We could mark the mirrors as failed if they don't have a license, or not as mirrors at all, but then you'd need to re-enable your mirror after starting a subscription, which isn't ideal.
This change makes the query only select projects that are either public or on paid plans.
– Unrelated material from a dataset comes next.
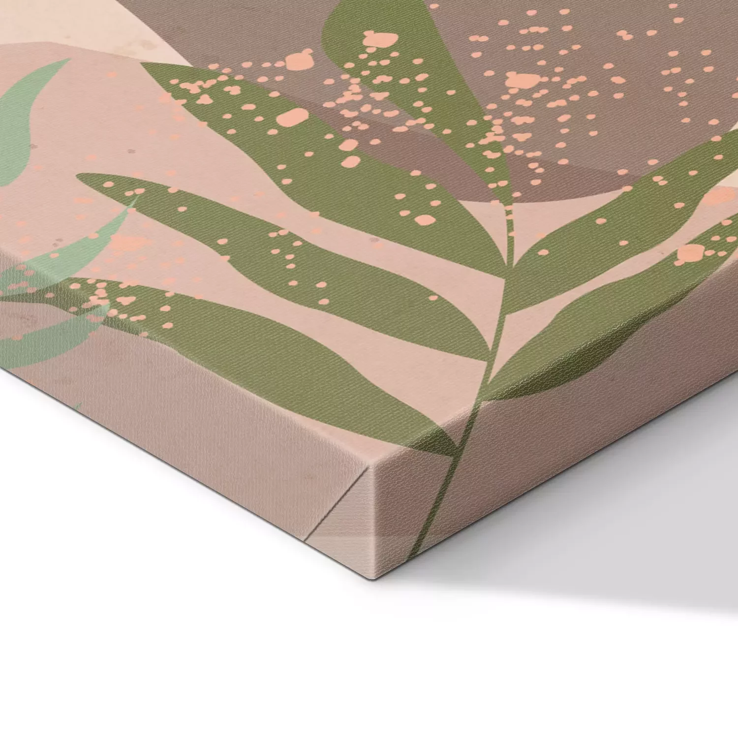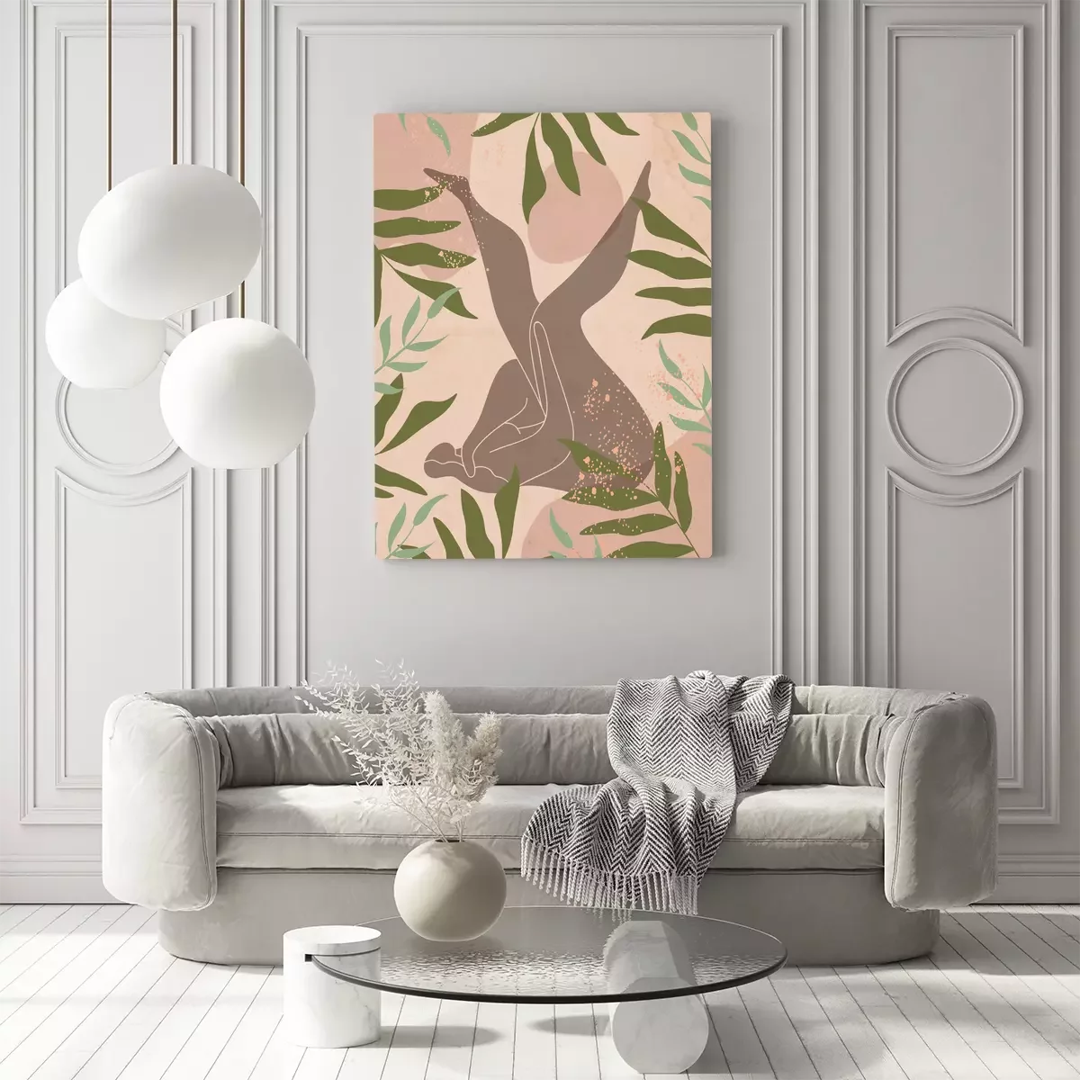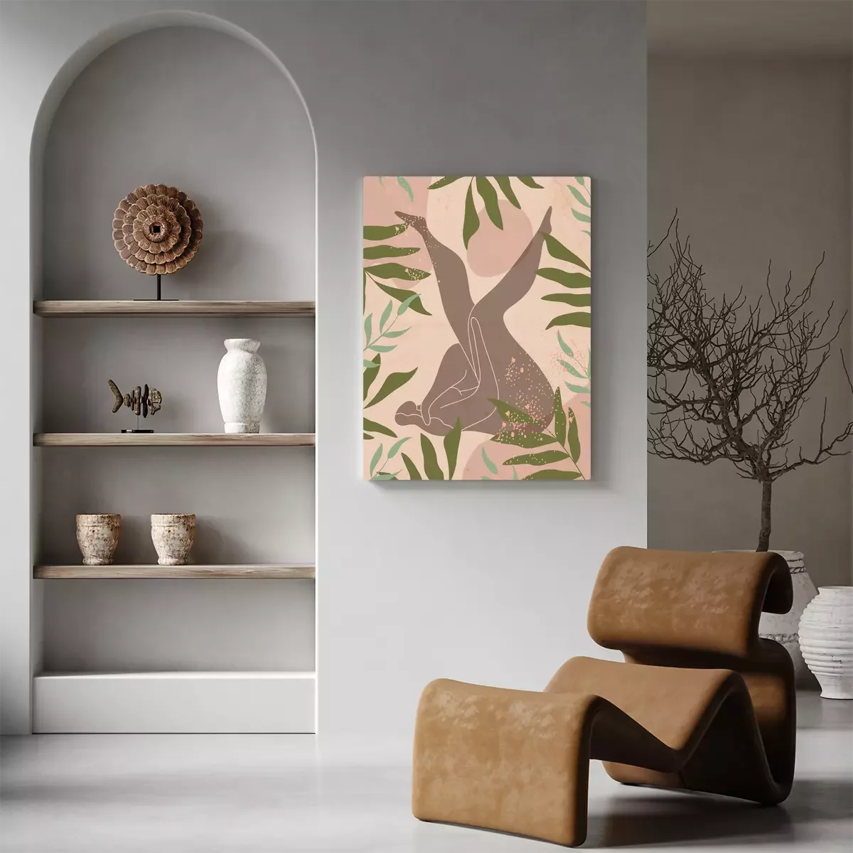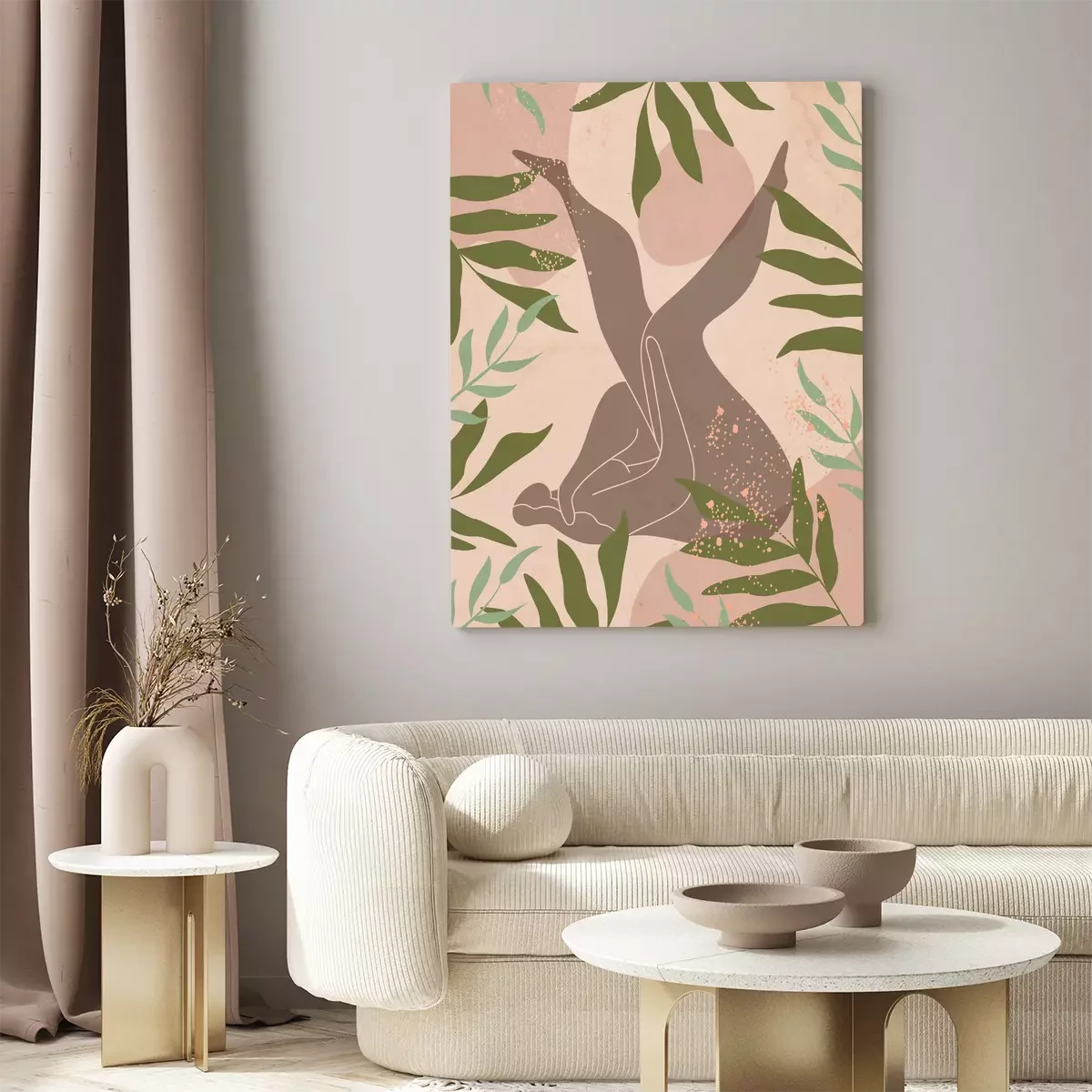 Silhouette abstraite d'une femme sur fond beige avec des feuilles.

This prevents us from needing to iterate through a bunch of mirrors that were set up on free private projects when pull mirrors were free, and still allows those projects to just work if they do start using a paid plan.
Query plans
Old:
gitlabhq_production=> EXPLAIN ANALYZE SELECT "projects".* FROM "projects" INNER JOIN project_mirror_data import_state ON import_state.project_id = projects.id WHERE "projects"."archived" = FALSE AND "projects"."mirror" = TRUE AND "import_state"."status" NOT IN ('scheduled', 'started') AND (import_state.next_execution_timestamp <= '2020-03-23 13:43:55.245995') AND (import_state.retry_count <= 14) ORDER BY import_state.next_execution_timestamp LIMIT 500;
QUERY PLAN
-----------------------------------------------------------------------------------------------------------------------------------------------------------------------------------------------------------------
Limit (cost=0.99..144891.78 rows=500 width=761) (actual time=167.322..185.315 rows=4 loops=1)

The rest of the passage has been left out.